Several global health researchers in the United States worry the mandate will damage long-standing relationships across the globe. The policy “further reinforces the mounting perception that the USA regards foreign scientists as problems and not as key collaborators in improving global health,” says immunologist John Moore of Weill Cornell Medicine.

Indeed, Teixeira, who is at the Federal University of Minas Gerais, is offended as well as annoyed by the coming data reporting burden. “I’m going to need many more people just to send things, and the U.S. government will need more people just to look at it in a professional way,” he says. The policy makes him wonder why he’s even participating in the NIH-funded study, which examines whether releasing mosquitoes infected with bacteria that reduce virus transmission will slash rates of dengue and other diseases in Belo Horizonte, Brazil. “You’re not trusting me to do the work. So why should you hire me anyway?”

A spokesperson for NIH, which estimates fewer than 2% of the agency’s primary awards will be affected, explains that the rule “empowers” its grantees to obtain their foreign partners’ data “without having to worry that they will not be able to access materials when needed.” The new requirement, which takes effect on 1 October, should not be a burden for “well-run collaborations,” the spokesperson says, because they will “already have in place processes by which there is seamless information flow.”

NIH says the policy change resulted from a recent audit by the Department of Health and Human Services (HHS) that found problems with NIH’s oversight of an award to the nonprofit EcoHealth Alliance. A subaward from EcoHealth to the Wuhan Institute of Virology (WIV) funded bat virus studies that some scientists and politicians have claimed, without direct evidence, sparked the COVID-19 pandemic.

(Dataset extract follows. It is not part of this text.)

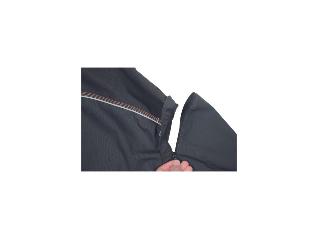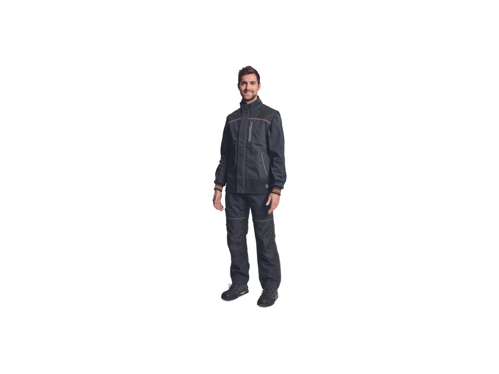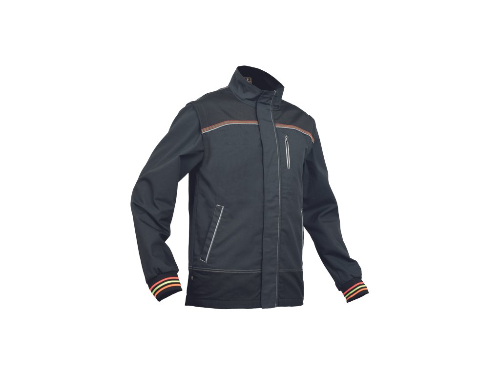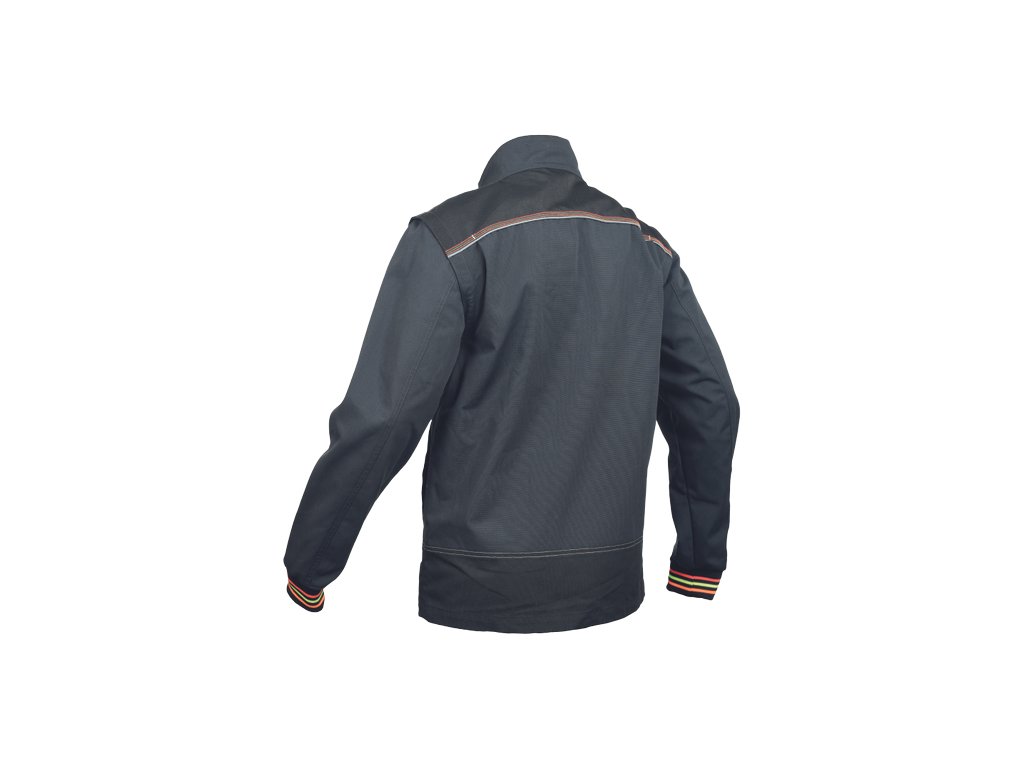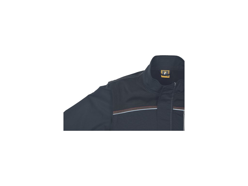 • kvalitní pánská pracovní bunda moderního střihu se stojáčkem • odepínatelné rukávy • 2 hluboké postranní kapsy • 1 náprsní kapsa • 600D Oxford zesílená oblast ramen • náplety na rukávech • prošití kontrastní nití v HI-VIS barevném odstínu • reflexní paspulky

Under orders from then-President Donald Trump, NIH terminated the grant in April 2020. It reinstated the award 3 months later but suspended the funding until EcoHealth met conditions, such as getting lab records from WIV, that the nonprofit said were impossible. Since then the award has been restarted with no China activities and new oversight restrictions.

In a January report, HHS’s inspector general chided EcoHealth and NIH for failing to adequately monitor the WIV subaward and found that the China group did not turn over needed “scientific documentation” for the bat virus studies. To avoid similar standoffs, the watchdog advised NIH to step up reporting requirements for all grant subrecipients abroad.

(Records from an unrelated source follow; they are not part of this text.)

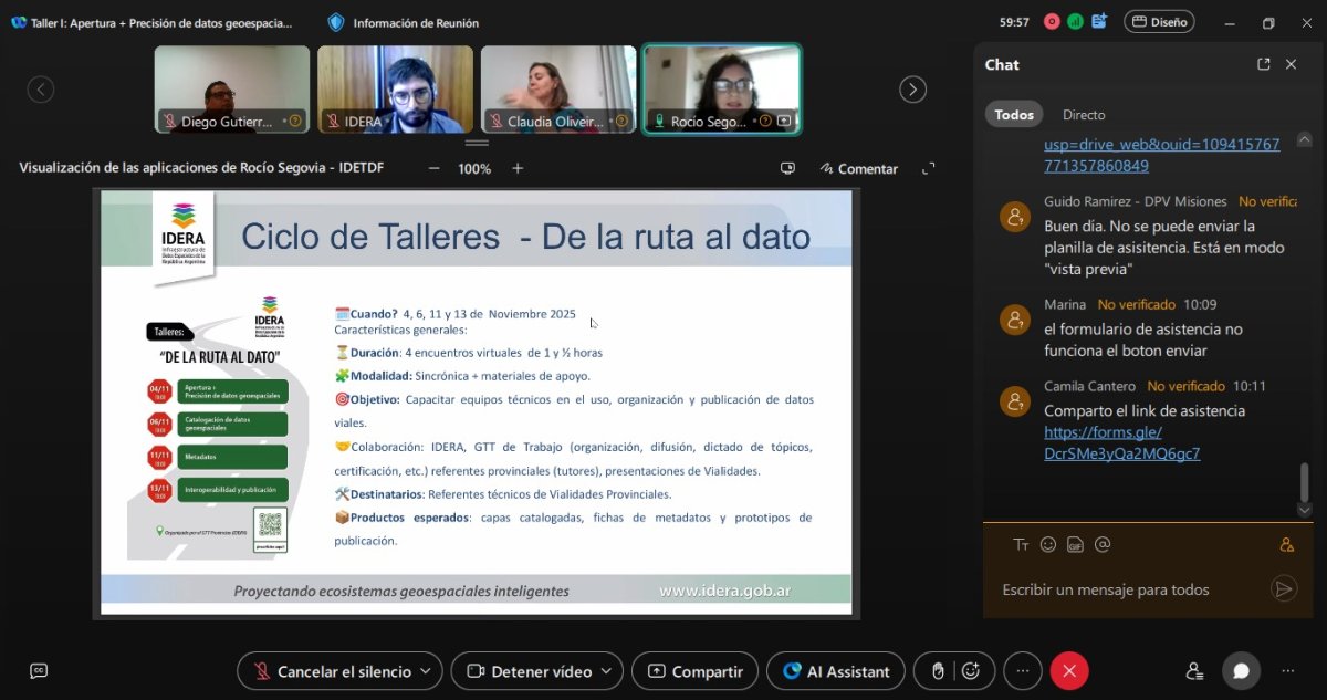 El ciclo de talleres continuará el 6, 11 y 13 de noviembre en la misma modalidad virtual, abordando temáticas como Catalogación, Metadatos e Interoperabilidad, con el fin de avanzar hacia la publicación de información vial de mayor calidad para la comunidad.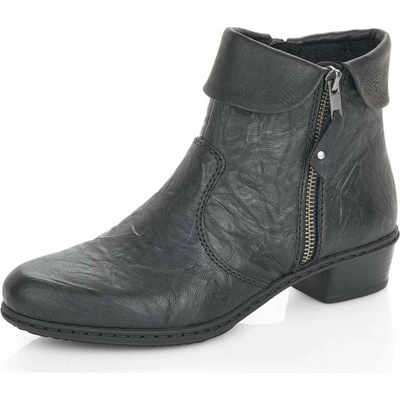 Tento model bot RIEKER je skutečnou lahůdkou pro každou milovnici módy! Černý svršek v kombinaci s originálními dekoracemi a jemným nařasením v oblasti nártu dodává obuvi...
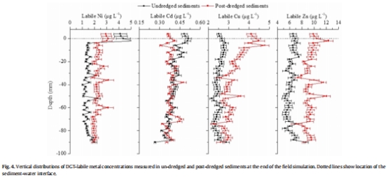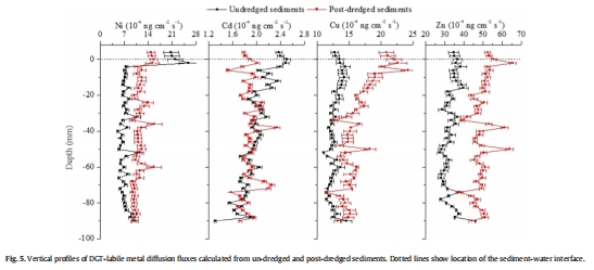 意義:這是本研究最核心的發(fā)現(xiàn)。結(jié)果表明,盡管總濃度下降,但疏浚區(qū)孔隙水中DGT有效態(tài)Ni、Cu和Zn的濃度和計(jì)算出的釋放通量卻顯著高于未疏浚區(qū)。這揭示了疏浚可能短期內(nèi)增加重金屬的生物有效性和生態(tài)風(fēng)險(xiǎn)。

NIH agreed and will now require the foreign grant partners to “provide copies of all lab notebooks, all data, and all documentation that supports the research outcomes as described in the progress report” no less often than every 3 months. The agency already requires that subaward recipients retain records related to the project and be ready to turn them over for audit purposes. But that is different from submitting all data to the main grant holder on a regular basis, Pierce says.

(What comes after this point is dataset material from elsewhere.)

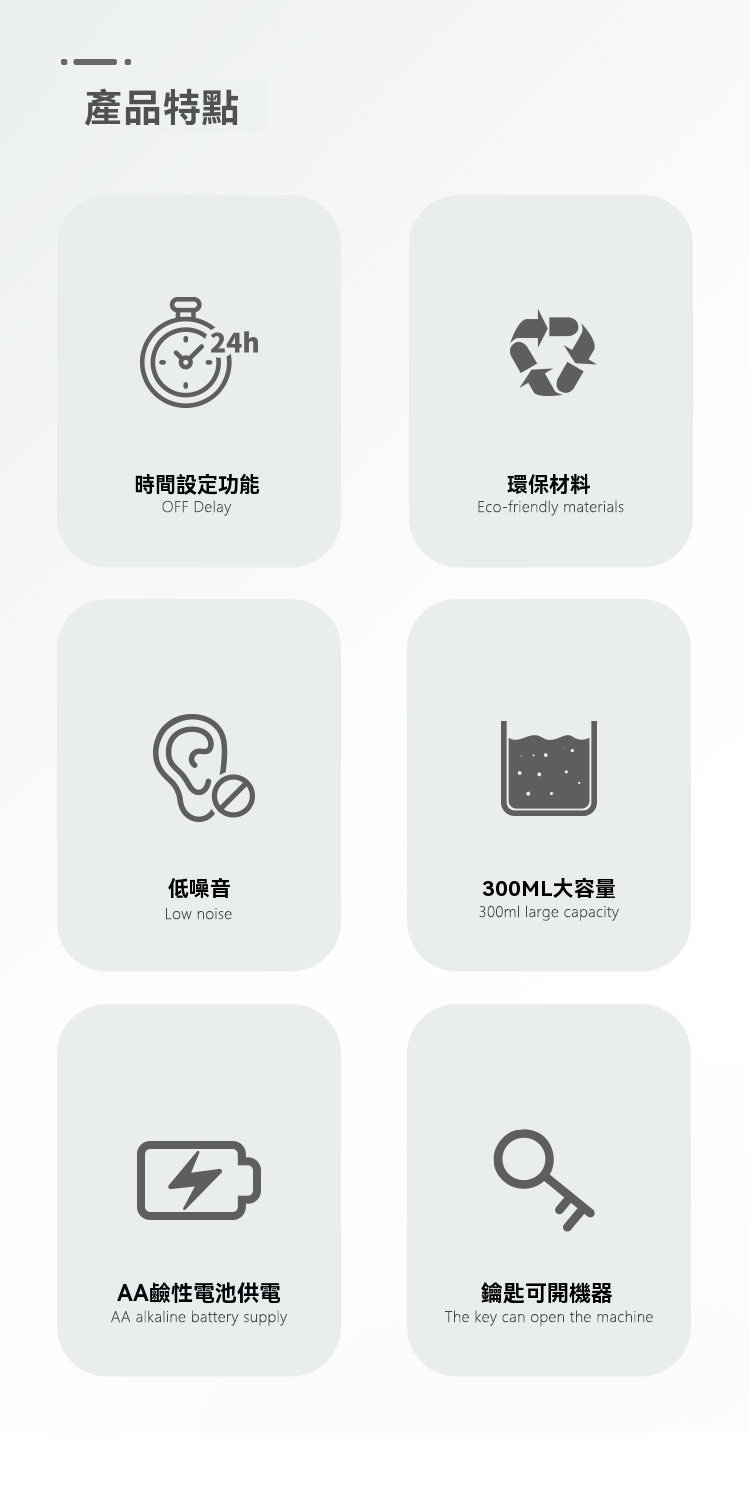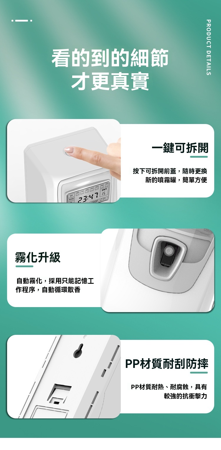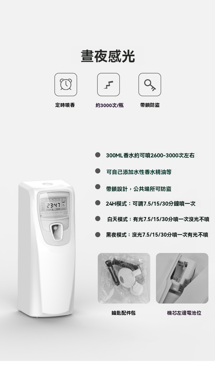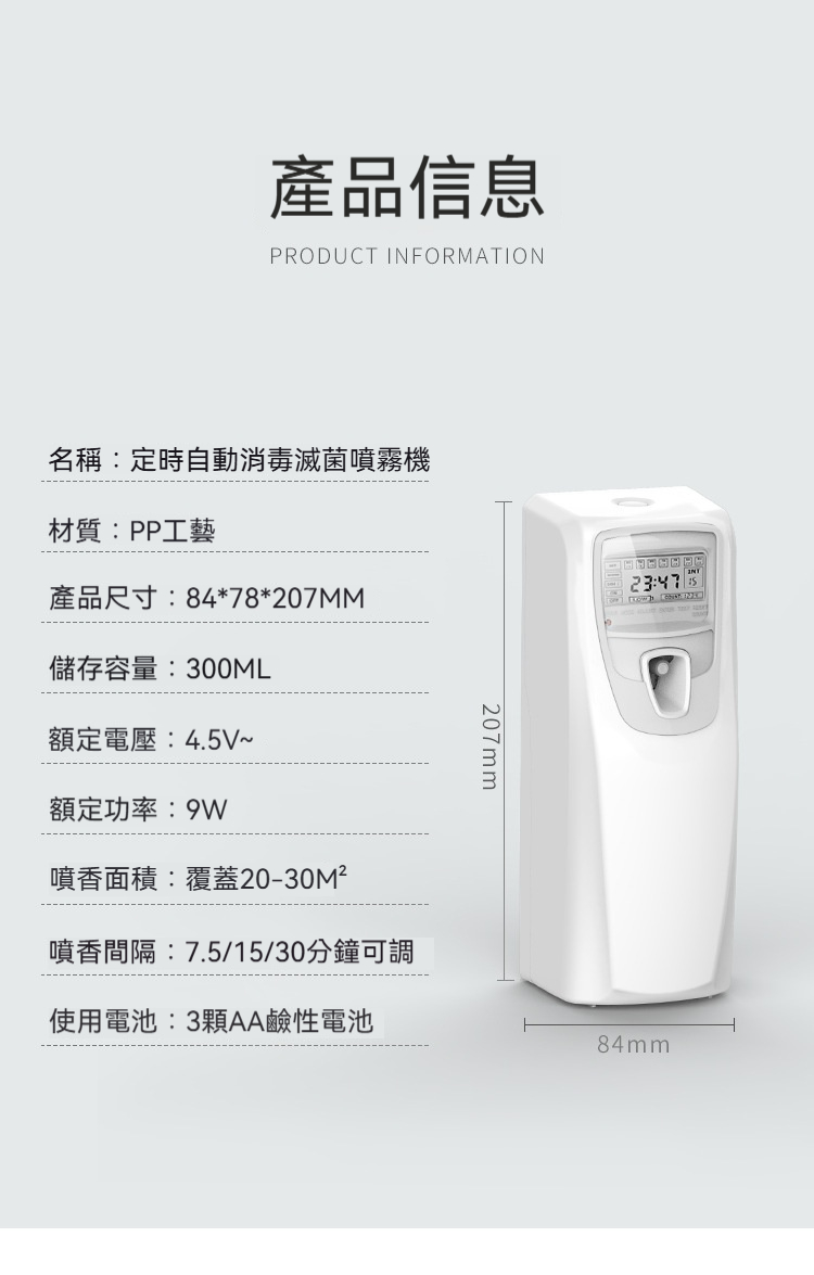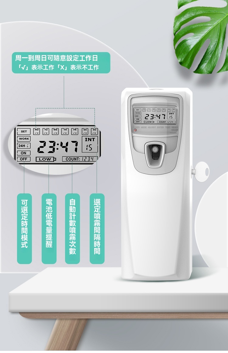 這款定時自動消毒滅菌噴霧機,白色外觀簡單大方。擁有300ML大容量,減少頻繁加液困擾。它能自動記錄噴霧次數,方便掌握消毒進程。可定時自動噴霧,輕鬆設定消毒時間與間隔,實現高效消毒,適用於家庭、辦公、學校等多種場景,為您營造健康無菌環境 。

Yale University’s Amy Bei runs a malaria vaccine development project with colleagues in Senegal that collects lab and survey data and malaria test results from participants. “The burden of regularly transmitting all records at regular intervals will be incredibly taxing for our partners,” she says. And it’s unclear what the main U.S. grantee is supposed to do with the information, scientists say.

Yale’s Albert Ko, who collaborates with Teixeira on the mosquito release study, adds that for another project he’ll have to demand raw data from trainee scientists in 21 countries. He wonders whether NIH will even review the data and instead is “generating an enormous amount of work for its awardees which will be rarely acted upon.”

Pierce says the new mandate might make sense with “higher risk” projects in certain countries, but not as a blanket policy. NIH is taking comments on the policy change until 26 June and says the agency may update it “if determined necessary.”